When ‘A-Day’ happened, and the trailer was released for public consumption, it’s fair to say it polarised opinion. It had been shrouded in mystery up to that point and – I think – a lot of the audience didn’t know what to expect.

However, when the man behind Terminator 2 claims to have re-written the book on special effects, it’s bound to send expectations through the roof.

Unfortunately, a lot has changed since Cameron’s last film, Titanic, was released and naysayers now have a massive worldwide channel on which to register their ‘thoughts’, condemning the film based upon three minutes of footage.

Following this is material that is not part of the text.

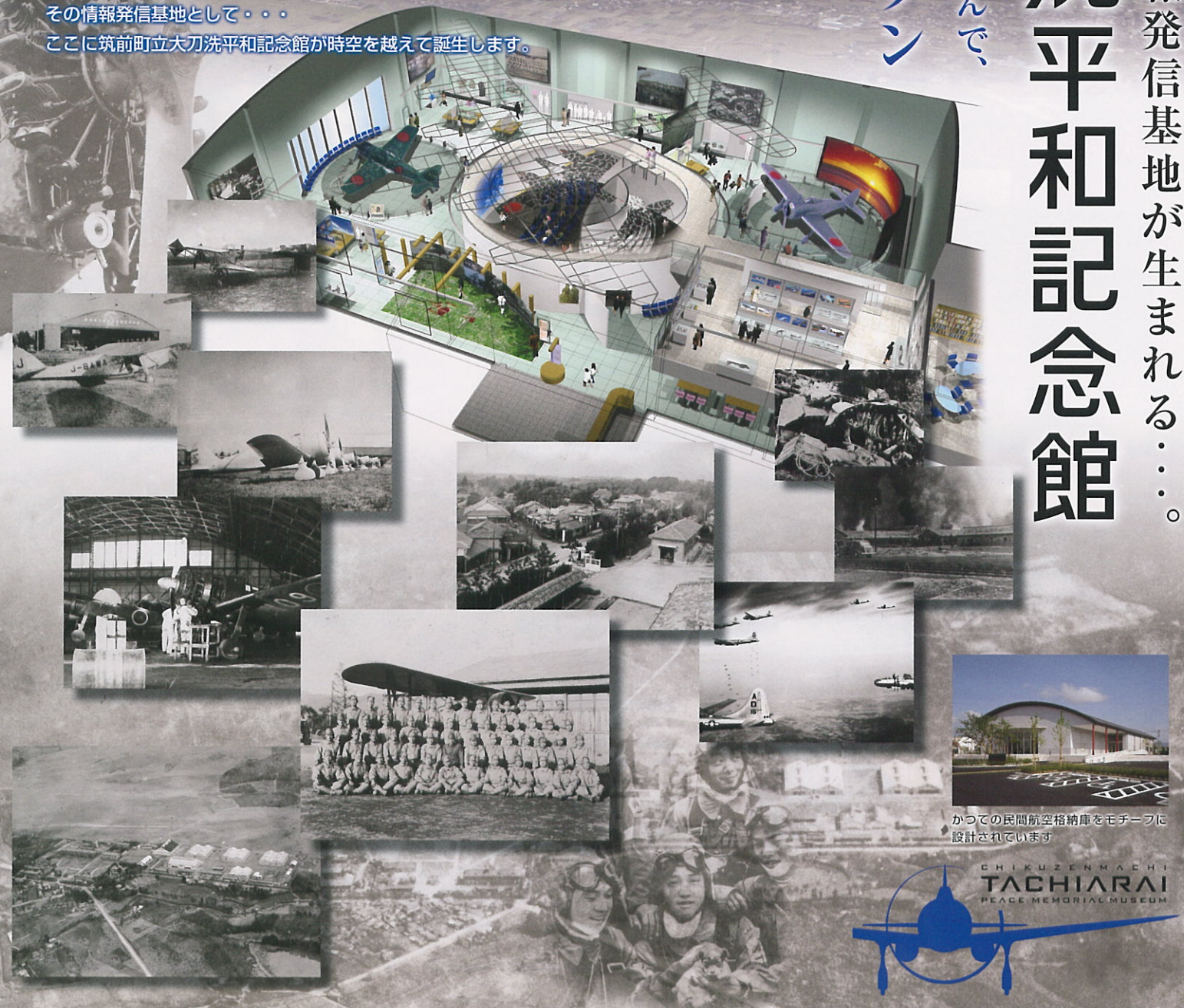
かつての民間航空格納庫をモチーフに設計されています

この地で起きた歴史の真実と、平和の大切さを、 国を背負って立つべき青少年に永久に語り継いで行くために、 その情報発信基地として…… ここに筑前町立大刀洗平和記念館が時空を越えて誕生します。

But let’s face it, like anything which has a steamroller of hype behind it – there was nothing which could have been revealed that would have pleased the doubters. I’m sure if they were to see the trailer for T2, were it to be released today, they would have been equally as underwhelmed.

I honestly don’t see how anyone could react like that. What we saw, in my opinion, was actually a spectacular yet very traditional vision of an alien world mixed with other classical sci-fi themes (Mech suits, floating islands, strange fauna). Nothing from the trailer seemed wholly new. Rather it offered a montage of the best bits from other examples in the genre, blended together – with some subtlety – to create a familiar yet fantastical tone. This is no bad thing, because if they’d gone out of their way to create something, the likes of which you’d never seen before, then it may have got in the way of the more important elements of the film – i.e. the storytelling.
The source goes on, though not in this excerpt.